Nowhere is this clearer than in major PPP (Public-Private Partnership)/PFI (Private Finance Initiative) payment contracts. These documents are vast, complex, and intimidating. In the world of PFIs, many of the people who once understood how to contract-manage them have moved on – leaving few people able to hold providers to account, simply because the contracts are so difficult to navigate.
And let’s be honest: most customers find contracts difficult to navigate. They skim. They hope. They trust. But trust shouldn’t be blind – trust should be earned through clarity.
And this is more important now than ever. The way we receive and process information has fundamentally changed too. We live in a world of dashboards, infographics, visual cues, and intuitive user experiences. People expect information to be accessible at a glance. Yet contracts remain stuck in a world of dense paragraphs and archaic formatting. If everything else has evolved to be clearer and more visual, why haven’t contracts?
If we want stronger, healthier, more collaborative relationships with customers and partners, we must move contracts forward – out of the era of legal jargon and into a world where they are visual, intuitive, and genuinely understandable.
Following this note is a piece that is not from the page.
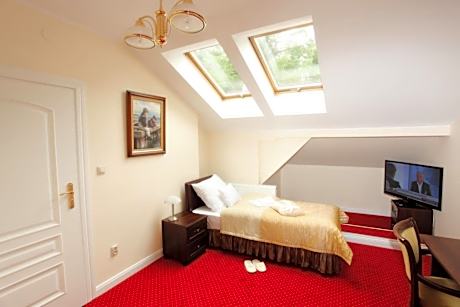Located in Sójki, 26 miles from a.r.t. Gallery, Hotel Dwór Sójki has accommodations with a garden, free private parking, a shared lounge and a terrace. Each room at the 3-star hotel has garden views, and guests can enjoy access to a restaurant and to a bar. The property provides a 24-hour front desk, airport transportation, room service and free WiFi throughout the property. At the hotel, the rooms have a closet. The rooms are equipped with a private bathroom with a shower, free toiletries and a hairdryer. At Hotel Dwór Sójki all rooms come with a desk and a flat-screen TV. Guests at the accommodation will be able to enjoy activities in and around Sójki, like cycling. Lodz Wladyslaw Reymont Airport is 53 miles from the property.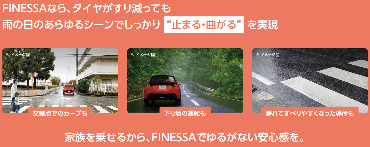 フィネッサなら、タイヤがすり減っても雨の日のあらゆる

And for suppliers, this is a smart move too: clarity builds trust.
Imagine contracts that look less like a wall of text and more like a roadmap:
• Clear visuals explaining key terms
• Transparent, plain-language summaries
• Easy ways to see responsibilities, timelines, and outcomes
• A design that invites conversation, rather than shutting it down
When people truly understand the terms, the whole dynamic shifts: confidence replaces uncertainty, shared understanding replaces negotiation friction, and partnership replaces transaction.
This isn’t just about design – it's a mindset shift toward openness, transparency, and trust.
As I move forward, at Stone King we are thinking carefully about how we design contracts that serve real people, not just processes – contracts that strengthen relationships instead of complicating them.
It’s time for change. And it starts with clarity.